Friday, November 6, 2009

Friday photo

Coyote. Yellowstone National Park, July 1992.

This photo comes from one of my favorite moments, ever. I was hiking near Hellroaring Creek and sat down on a rock for a brief rest, when I spotted this coyote. He (or she, I didn't look that closely) began to trot straight toward me, apparently rather curious about this stranger. But not too careless, despite the curiosity - as I raised my camera to take a photo, the motion startled him and he ran off. Dang, I thought, lost a chance at a good shot.

But the critter didn't go very far and I decided to wait around and see if he would get used to my presence. For the next hour or so, I walked around, scuffed rocks, sat down, and generally did everything I could think of to convince the coyote that I had my own business to mind and that it didn't include him. Meanwhile, he amused himself trying to snatch flying insects out of the air.

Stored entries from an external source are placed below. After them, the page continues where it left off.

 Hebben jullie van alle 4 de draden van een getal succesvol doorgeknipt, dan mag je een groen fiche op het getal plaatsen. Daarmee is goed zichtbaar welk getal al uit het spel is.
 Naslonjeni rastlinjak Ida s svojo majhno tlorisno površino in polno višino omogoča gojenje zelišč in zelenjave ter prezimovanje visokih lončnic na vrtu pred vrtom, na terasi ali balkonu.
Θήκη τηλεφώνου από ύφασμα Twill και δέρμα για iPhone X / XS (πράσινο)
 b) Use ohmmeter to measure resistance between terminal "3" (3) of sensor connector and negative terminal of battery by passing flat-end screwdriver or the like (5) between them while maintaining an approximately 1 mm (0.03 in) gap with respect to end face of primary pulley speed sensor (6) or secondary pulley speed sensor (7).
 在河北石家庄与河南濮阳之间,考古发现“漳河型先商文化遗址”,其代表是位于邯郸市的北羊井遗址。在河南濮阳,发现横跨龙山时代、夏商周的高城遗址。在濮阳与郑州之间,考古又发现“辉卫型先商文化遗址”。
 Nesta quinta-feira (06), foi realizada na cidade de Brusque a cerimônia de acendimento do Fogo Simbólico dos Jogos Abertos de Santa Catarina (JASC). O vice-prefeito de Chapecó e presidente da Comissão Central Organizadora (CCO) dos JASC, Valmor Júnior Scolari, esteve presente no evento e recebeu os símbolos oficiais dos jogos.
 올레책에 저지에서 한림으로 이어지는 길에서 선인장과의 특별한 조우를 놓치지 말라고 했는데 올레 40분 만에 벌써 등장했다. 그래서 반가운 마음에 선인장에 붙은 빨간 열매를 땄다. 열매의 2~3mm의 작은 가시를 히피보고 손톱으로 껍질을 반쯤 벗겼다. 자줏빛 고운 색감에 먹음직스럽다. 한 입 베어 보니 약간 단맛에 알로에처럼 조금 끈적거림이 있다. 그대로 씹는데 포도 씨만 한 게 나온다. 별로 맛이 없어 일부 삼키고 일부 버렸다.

Eventually, I was able to edge closer and closer, still avoiding eye contact or direct movements in his direction. It worked perfectly and the coyote lost all concern over me. In fact, he finally flopped down in the grass and closed his eyes. I had set up the camera on the tripod and, every time his eyes closed, I would scootch the camera closer and take a couple more photos, up to about eight feet away, when I decided I probably shouldn't push my luck any further.

As I began to reach the end of the roll of film (and realized I didn't have a spare, dammit), I started testing the animal's calm by scuffing the ground noisily. His head would jerk up, he'd quickly look around, then stare at me and put his head back down. That "Oh, it's just you" look is what you see in this photo.

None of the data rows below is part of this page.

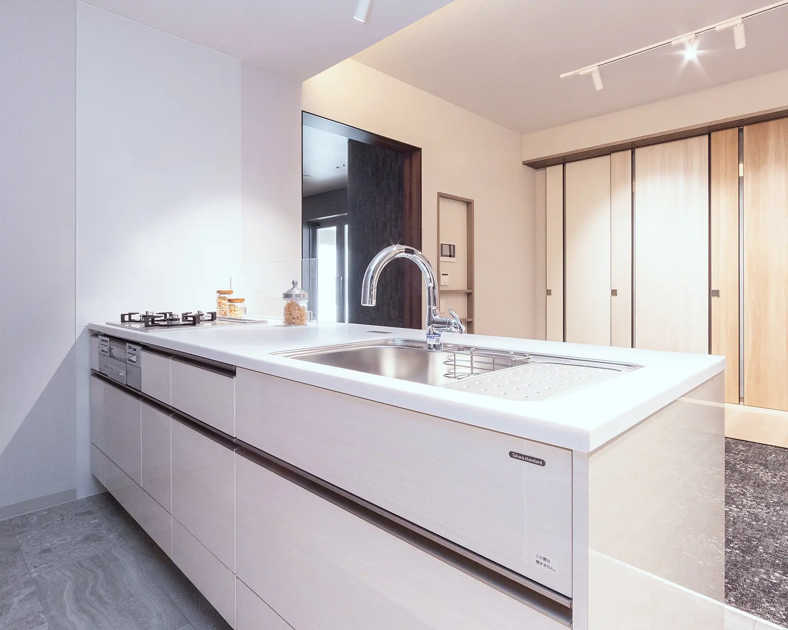 スッキリとした見た目でリビング家具との相性もよく、キッチンがより周囲のインテリアに溶け込みやすいデザインとなっております。
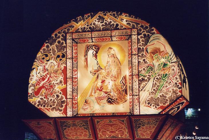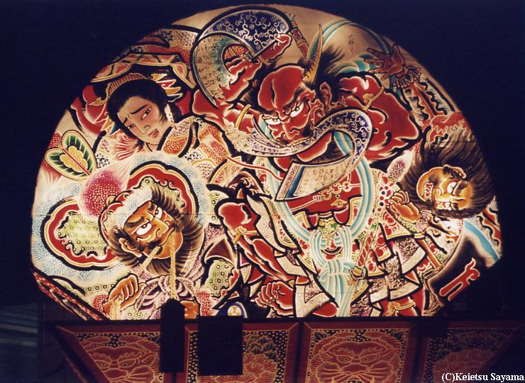 鬼沢ねぷた同好会鬼沢ねぷた同好会(町印)天魔波旬(鏡絵) 絵師 佐藤 大節慈母観音(見送り絵) 絵師 佐藤 大節鬼沢ねぷた同好会2006年8月1日に、弘前市中土手町で撮影した鬼沢ねぷた同好会のねぷたです。この鬼沢と言う地区は、節分の時に鬼は内・福は内と言って鬼を迎えるので有名です。昔、飢饉があった時、鬼が田畑を耕してくれて飢えを凌ぐことが出来たので、それ以来鬼を奉るようになったそうです。その鬼神社には、鬼が田畑を耕した時に使われたと言われる鍬が奉られています。
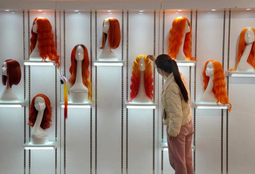 市民在河南瑞贝卡发制品股份有限公司的展厅内挑选假发。新华社记者 李安 摄
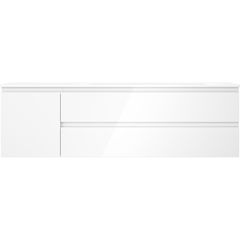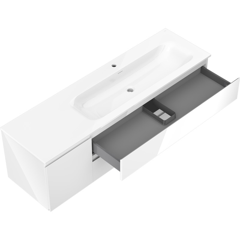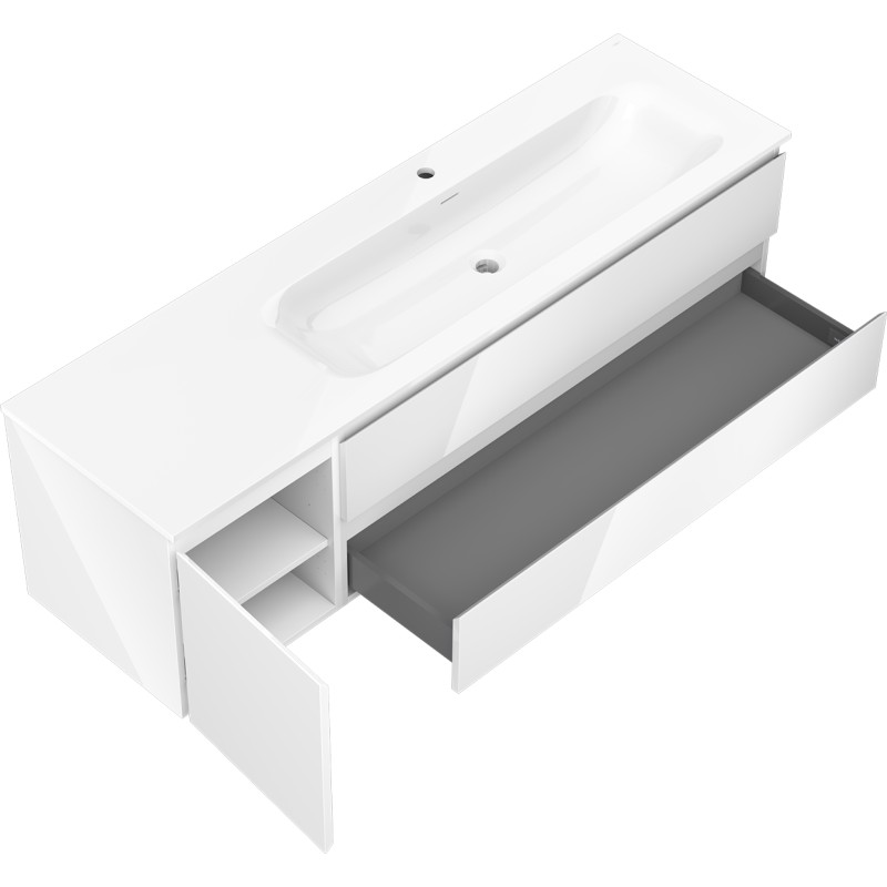 Špecifikácia produktu: Rozmery skrinky: Šírka: 160 cm Hĺbka: 46 cm Výška: 47 cm Sada obsahuje: Zásuvková skrinka pod umývadlo: Šírka: 120 cm Hĺbka: 46 cm Výška: 47 cm Farba korpusu Farba korpusu: Biely lesk Materiál korpus čela: Lakovaná MDF doska Štruktúra čela: Hladká Počet zásuviek: 2 Priestranná zásuvka s funkciou tlmeného dovierania Povrch odolný voči UV žiareniu Skrinka pod umývadlo s dvierkami: Šírka: 40 cm Výška: 47 cm Hĺbka: 46 cm Farba korpusu Farba korpusu čela: Biely lesk Materiál čela: Lakovaná MDF doska Štruktúra čela: Hladká Počet dvierok: 1 1 polica Pánty s funkciou tlmeného dovierania Univerzálna montáž dvierok (ľavé/pravé) Povrch odolný voči UV žiareniu Umývadlo: Šírka: 161 cm Hĺbka: umývadlá: Lesklá biela Materiál umývadla: Konglomerát Otvor pre prepad: Áno Otvor pre batériu: Áno Zmontovaný produkt

I'm too much of a rationalist to get much into "being one with nature," but there's no denying that I usually feel more of an outsider than I wish when I encounter wildlife in their own habitat. At this moment, though, with a wild coyote that showed no hostility or fear toward me (or begged any food), but viewed me as a tolerable part of the landscape - I felt just a little less alien.


Heather said...

Beautiful shot, beautiful story. Thanks so much for posting it.

James Hanley said...

You should have reached out and pulled that piece of grass out of the way.

Scott Hanley said...

I used to hate that piece of grass, thinking it spoiled what would otherwise have been a perfect shot. Now I'm more inclined to like it, as a little piece of real life that separates this photo from those "perfect" wildlife posters you see. Any excuse to be a snob, I suppose.